■ **TASK BRIEF**:
Every line of the listing below from the one with "접속 후 상세검색을 클릭하면" up to and including the one with "За счет того, что" should be retyped exactly, and nothing else; pictures are not part of the copy.

■ **RECORDS SHOWN**:
################
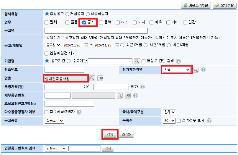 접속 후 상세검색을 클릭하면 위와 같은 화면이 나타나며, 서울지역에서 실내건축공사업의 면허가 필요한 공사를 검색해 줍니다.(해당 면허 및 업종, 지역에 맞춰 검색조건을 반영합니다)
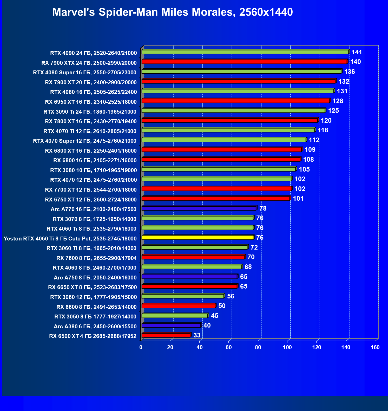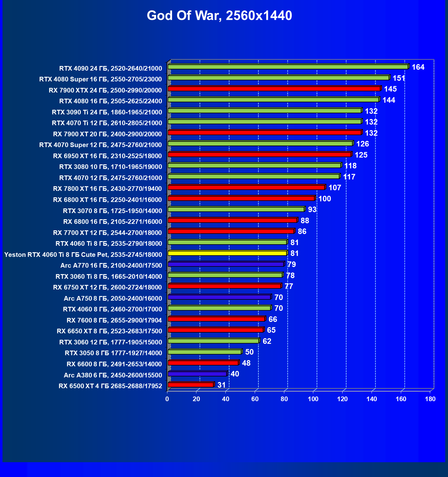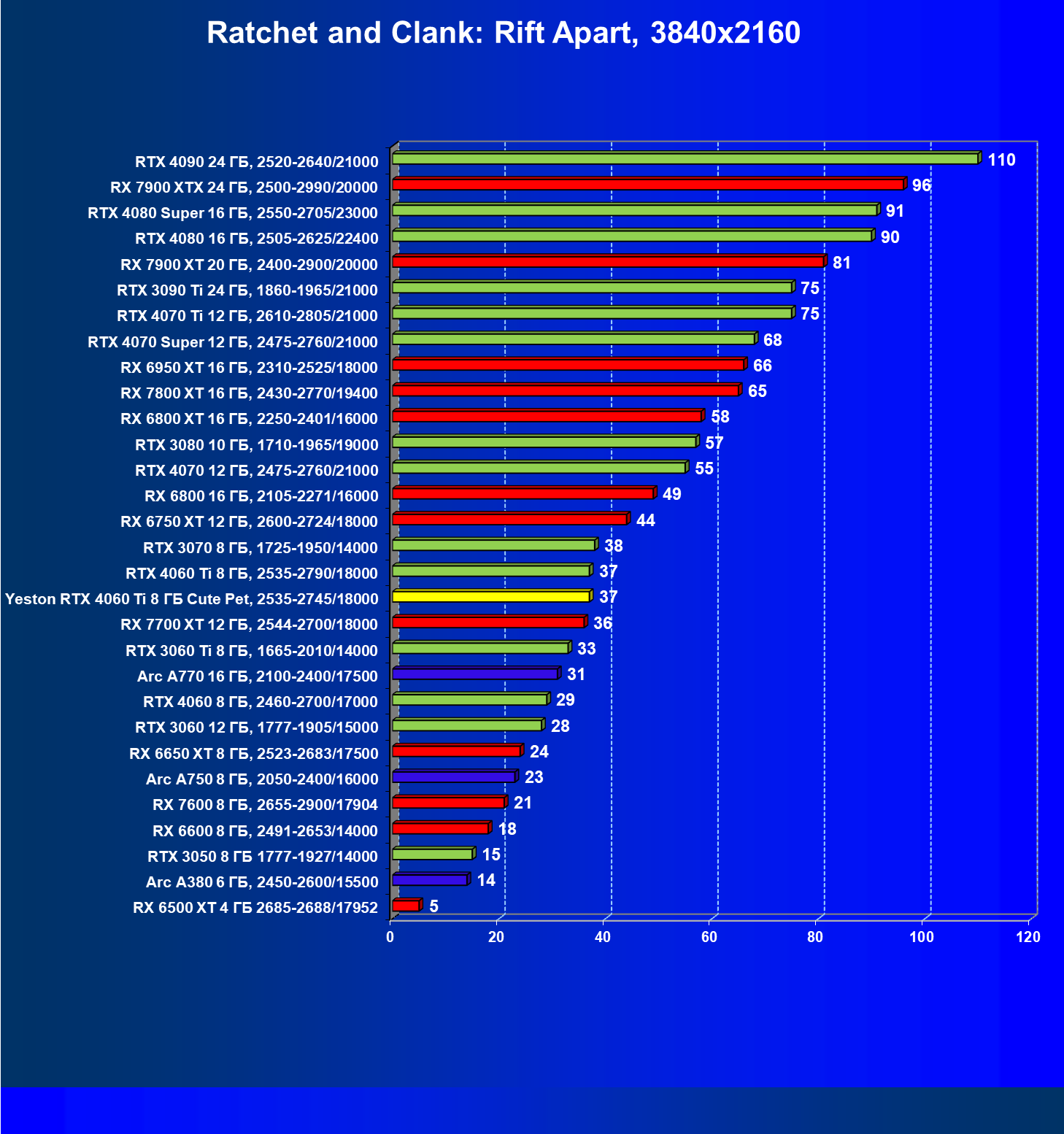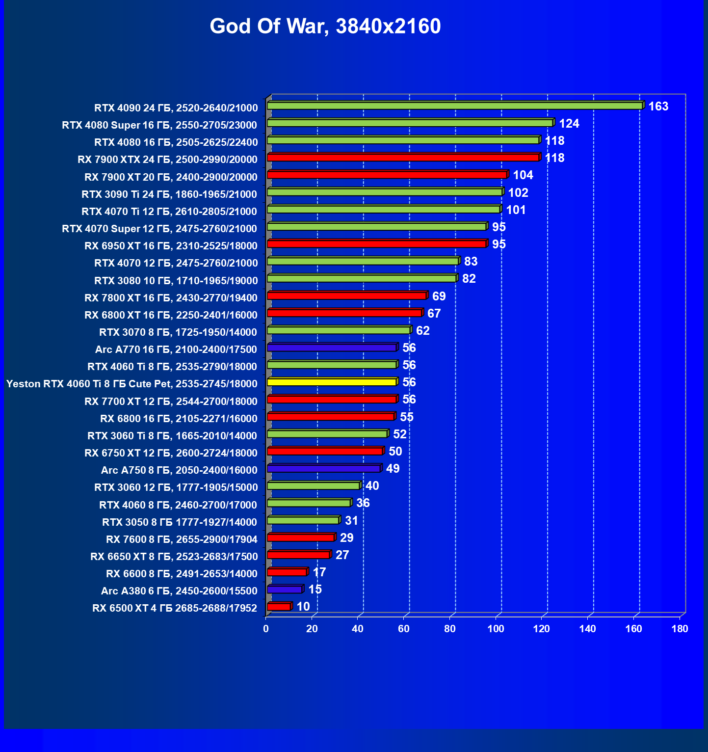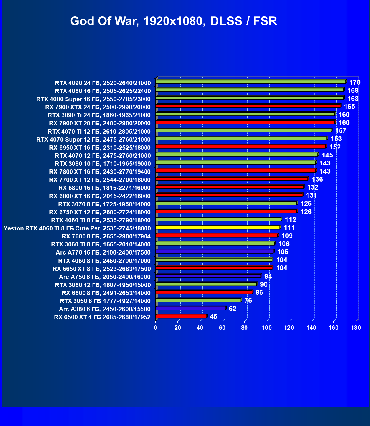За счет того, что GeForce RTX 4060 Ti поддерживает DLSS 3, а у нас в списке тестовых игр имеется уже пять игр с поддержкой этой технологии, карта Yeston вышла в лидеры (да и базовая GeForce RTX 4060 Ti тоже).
################
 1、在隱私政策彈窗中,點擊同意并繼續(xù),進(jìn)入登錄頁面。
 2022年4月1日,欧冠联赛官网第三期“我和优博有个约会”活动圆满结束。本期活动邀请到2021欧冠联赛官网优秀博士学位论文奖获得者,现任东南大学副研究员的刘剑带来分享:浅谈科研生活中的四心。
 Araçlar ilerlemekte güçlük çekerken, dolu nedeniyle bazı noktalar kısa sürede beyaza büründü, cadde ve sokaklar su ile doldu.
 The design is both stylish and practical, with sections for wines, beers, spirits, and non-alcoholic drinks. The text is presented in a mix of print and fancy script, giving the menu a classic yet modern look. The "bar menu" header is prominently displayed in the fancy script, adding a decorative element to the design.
################
■ **EXPECTED ANSWER**:
 접속 후 상세검색을 클릭하면 위와 같은 화면이 나타나며, 서울지역에서 실내건축공사업의 면허가 필요한 공사를 검색해 줍니다.(해당 면허 및 업종, 지역에 맞춰 검색조건을 반영합니다)
За счет того, что GeForce RTX 4060 Ti поддерживает DLSS 3, а у нас в списке тестовых игр имеется уже пять игр с поддержкой этой технологии, карта Yeston вышла в лидеры (да и базовая GeForce RTX 4060 Ti тоже).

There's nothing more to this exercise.